• **What you have to do**
Images in the data are to be skipped, while every line is restated exactly as written.

==== Dataset content ====

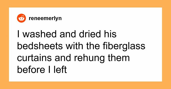 Washed his bedsheets with fiberglass curtains and rehung them before I left. Heard he dropped major cash on dermatologist visits. Worth it.
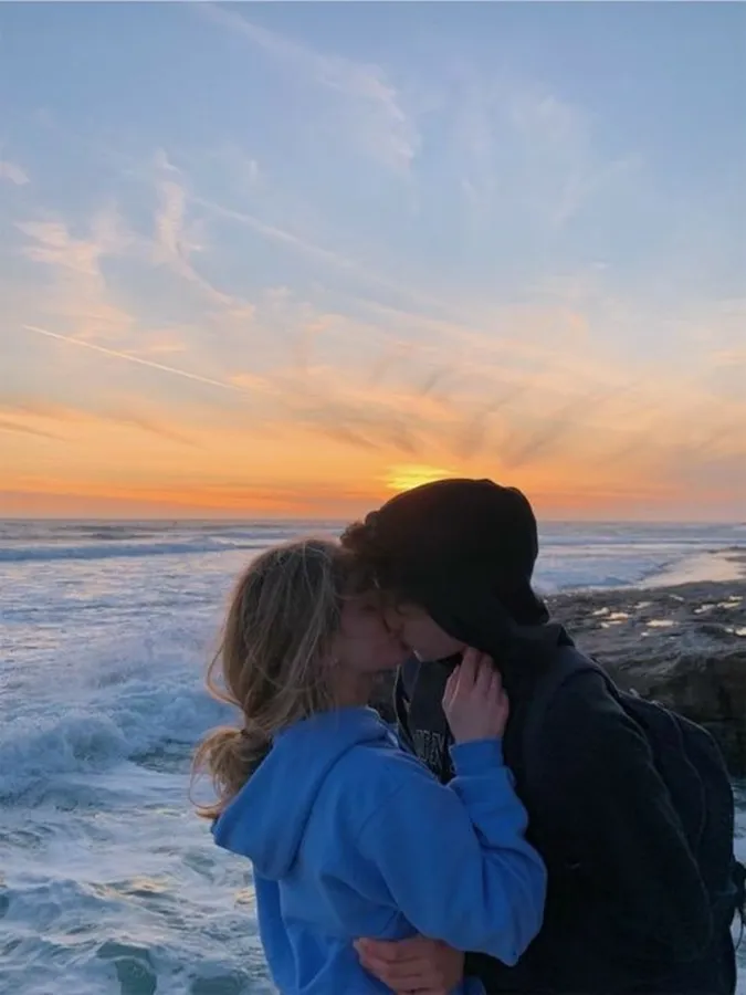 Girlfriend And Boyfriend Enjoying A Romantic Sunset Together Wallpaper -
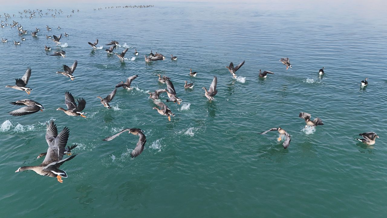 Van’ın önemli sulak alanlarından Erçek Gölü, göç yolculuğundaki küçük sakarca kazlarına ev sahipliği yapıyor. Dron ile havadan görüntülenen yüzlerce zarif kuş, gölde görsel şölen oluşturdu.
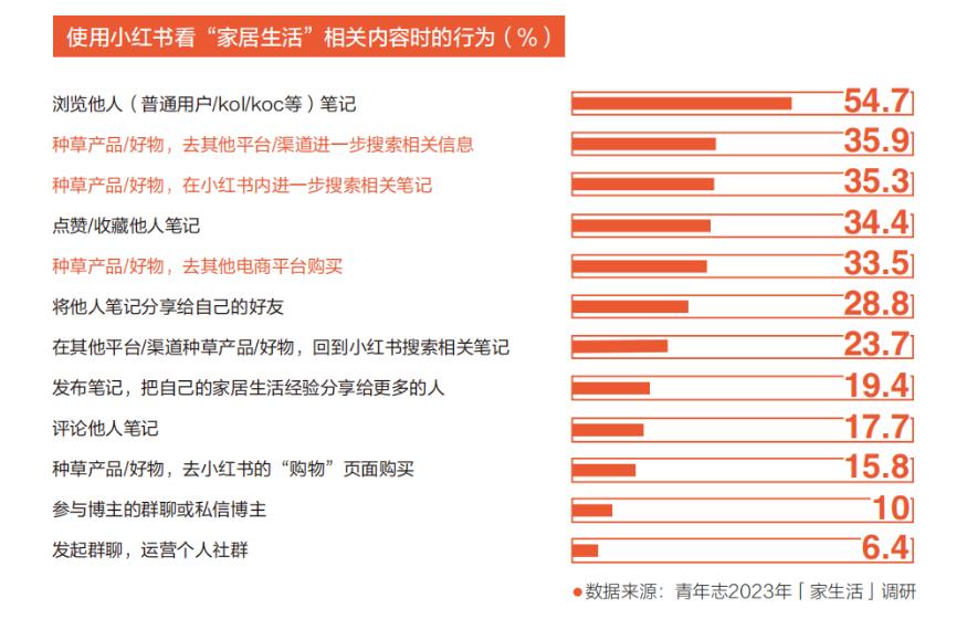 据《2023 年“家生活”趋势白皮书》统计,小红书上家居家装内容蓬勃生长,3 年来相关笔记规模增长了 6 倍,相关笔记的搜索量增长 3.5 倍。

====

• **Expected answer**
 Washed his bedsheets with fiberglass curtains and rehung them before I left. Heard he dropped major cash on dermatologist visits. Worth it.
 Girlfriend And Boyfriend Enjoying A Romantic Sunset Together Wallpaper -
 Van’ın önemli sulak alanlarından Erçek Gölü, göç yolculuğundaki küçük sakarca kazlarına ev sahipliği yapıyor. Dron ile havadan görüntülenen yüzlerce zarif kuş, gölde görsel şölen oluşturdu.
 据《2023 年“家生活”趋势白皮书》统计,小红书上家居家装内容蓬勃生长,3 年来相关笔记规模增长了 6 倍,相关笔记的搜索量增长 3.5 倍。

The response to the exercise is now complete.